Jakarta, NAWACITAPOST - Indonesia patut berbangga, pasalnya ada sosok anak bangsa berhasil ikut mengembangkan vaksin AstraZeneca.
Carina Citra Dewi Joe, Perempuan muda ini turut bergabung dalam tim Jenner Institute University Oxford, dipimpin oleh Sarah Gilbert dalam uji klinis Astra Zenca.
Dalam tim, wanita yang sudah meraih gelar Doktor ini merupakan ilmuwan utama dalam proses manufaktur AstraZeneca.
Kepada Duta Besar RI untuk Inggris Raya, Desra Percaya, Carina menjelaskan proses panjang ketika mengembangkan vaksin yang kini sudah dipakai dilebih dari 170 negara.
Ketika mendapatkan proyek uji klinis vaksin COVID-19, Carina merasa dapat tanggung jawab besar mengingat hal tersebut bakal berpengaruh secara global. Terlibat dalam proyek yang dipimpin Sarah Gilbert, Carina mengaku senang dan sulit.

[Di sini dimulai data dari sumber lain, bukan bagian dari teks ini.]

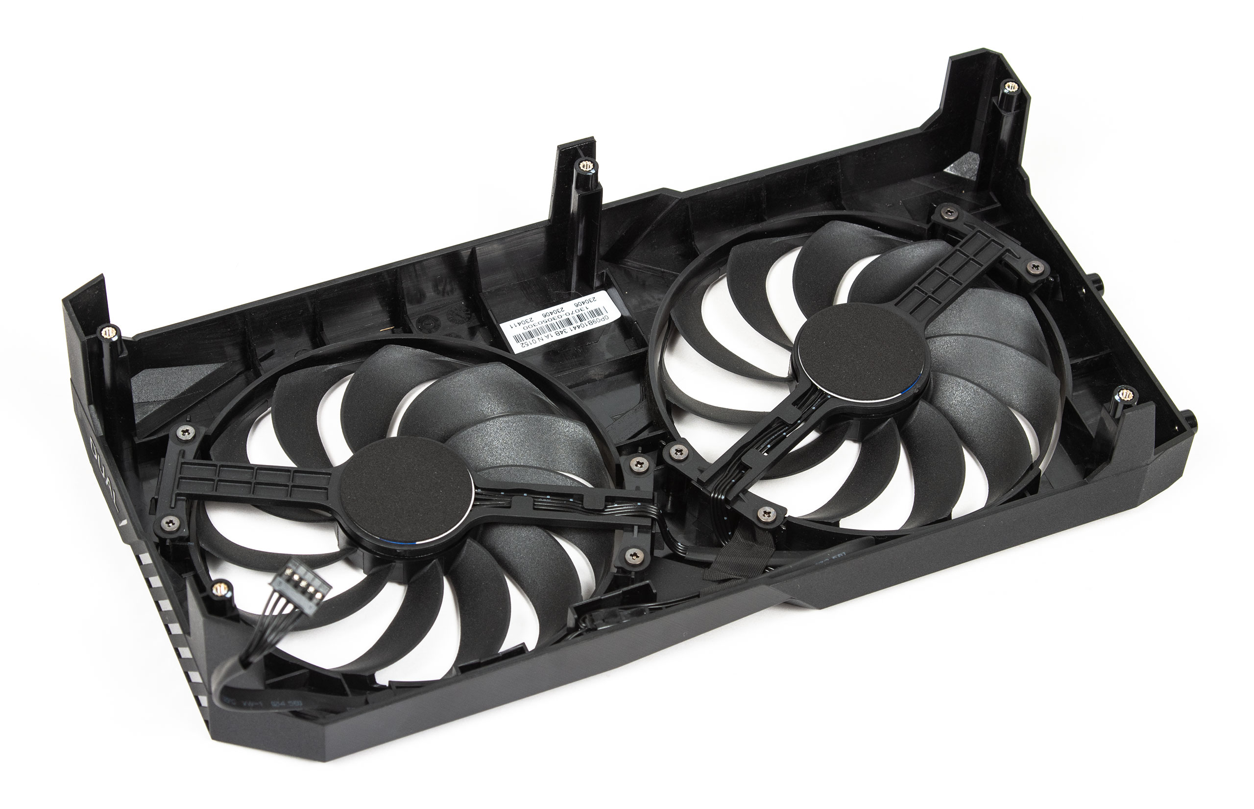 Діаметр вентиляторів дорівнює 95 мм, вони мають 11 лопатей, які з’єднані кільцем на кінцях, та дві кулькові вальниці, що повинно збільшити їх термін експлуатації. В режимі простою та при слабкому навантажені вони не працюють, а вже після підвищення температури кристала до 55 градусів починають обертатися. В цілому вони тихі, але при максимальному навантаженні та нагрівання чипа їх швидкість може підійматися до 2000 об/хв і вони вже добре відчуваються.

Melansir dalam video di YouTube Kompas TV pada Jumat (30/7/2021), wanita yang dulu bercita-cita menjadi dokter atau insinyur ini menjelaskan hak paten seperti apa yang dia pegang.
"Paten itu enggak cuma satu doang," ujarnya seraya menerangkan total ada lebih dari enam pemegang hak paten vaksin virus corona Oxford-AstraZeneca karena bidangnya berbeda-beda.

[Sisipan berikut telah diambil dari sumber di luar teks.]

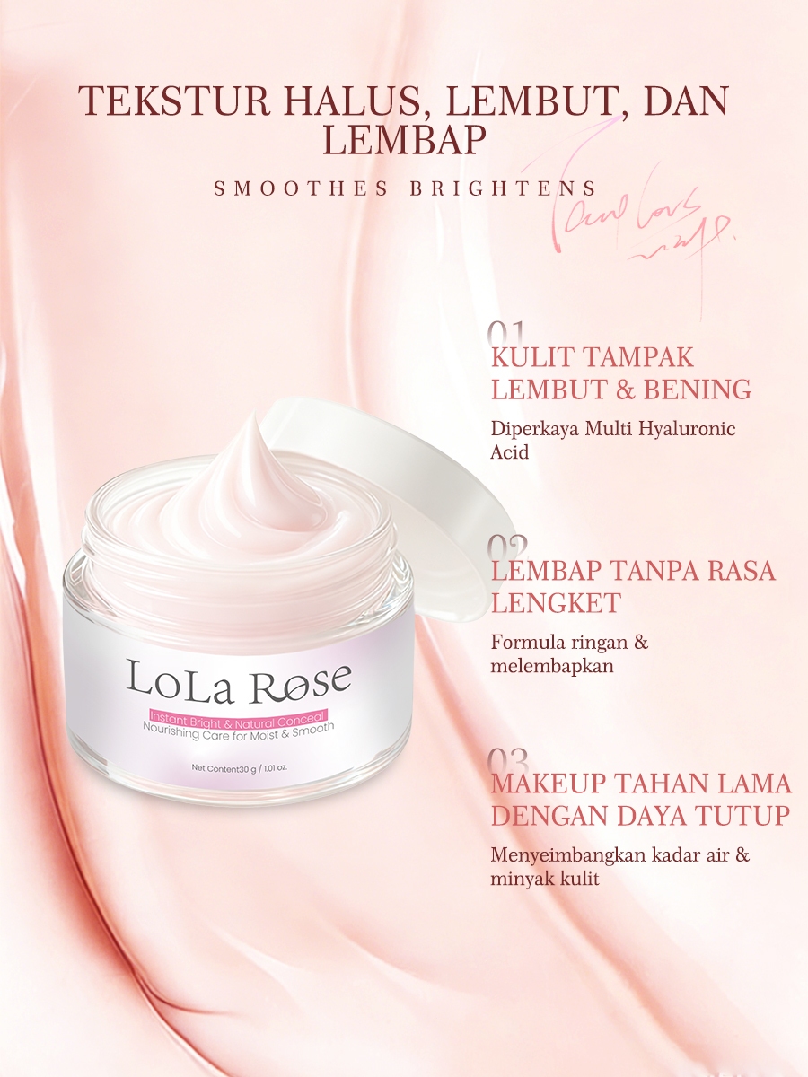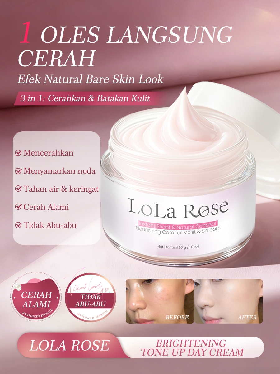 LOLA ROSE Brightening Day Cream Tone Up Cerah Alami Pelembab Wajah Niacinamide Pemutih Wajah Glowing Bb Cream 100% Original Membantu Kulit Tampak Lebih Cerah & Glowing Tekstur Ringan Moist 30g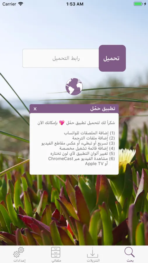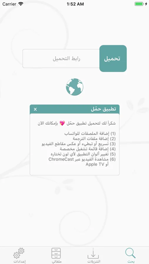 - إمكانية تخزين الروابط من خارج التطبيق دون الحاجة لدخول التطبيق ، ثم تحميلها بشكل متتابع عند الدخول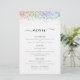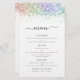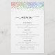 Menú Boda Presupuestario Elegante Purpurina Arcoiris. Un precio económico de 5,5" x 8,5", en una elegante stock de 110 lb LINEN - para un ambiente de lujo a gran valor, es perfecto para menús, así como invitaciones y programas, etc. Esta alternativa de tamaño de presupuesto también está disponible en otras opciones de papel. El material de la tarjeta SEMI-GLOSS de 110 lb es aproximadamente del mismo grosor que una postal, por lo que también funciona bien para las invitaciones. El papel FELT de 100 libras es de color buff, NO blanco, por lo que añade un toque rústico. El material de papel MATTE 80lb es blanco brillante, para impresión crujiente, ideal para menús y programas, mientras que el papel SATIN de 80 libras es delgado y liviano, ideal para gabinetes. Un guión elegante con guiones para el menú de cabecera y un borde purpurina de imitación multicolor en la parte superior de ambos lados en oro. Personaliza fácilmente el resto del texto a tus propios detalles, que incluye alternativas para tus opciones vegetarianas o veganas.

Kala itu sedang ada pembahasan tentang siapa pemegang hak paten vaksin Covid-19 nantinya.
Lebih lanjut, Carina menguraikan, dirinya memegang hak paten tentang manufacturing scale up atau produksi dalam skala besar. Sederhananya, tanggung jawab Carina Joe adalah menemukan cara agar vaksin AstraZeneca bisa diproduksi lebih banyak.

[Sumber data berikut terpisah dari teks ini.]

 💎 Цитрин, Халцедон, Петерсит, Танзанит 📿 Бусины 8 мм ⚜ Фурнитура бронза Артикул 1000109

Kini, ia amat senang karena kerja keras mati-matian membuahkan hasil. Bahkan, banyak nyawa yang berhasil diselamatkan dengan kehadiran vaksin AstraZeneca yang sudah digunakan ratusan juta penduduk dunia.
"Senangnya, karena vaksin Oxford-AstraZeneca ini sudah disetujui di 178 negara. Dan sampai awal Juli sudah diproduksi 700 juta dosis. Dan, saya terima statistika bahwa ada puluhan ribu nyawa diselamtkan," kata Carina.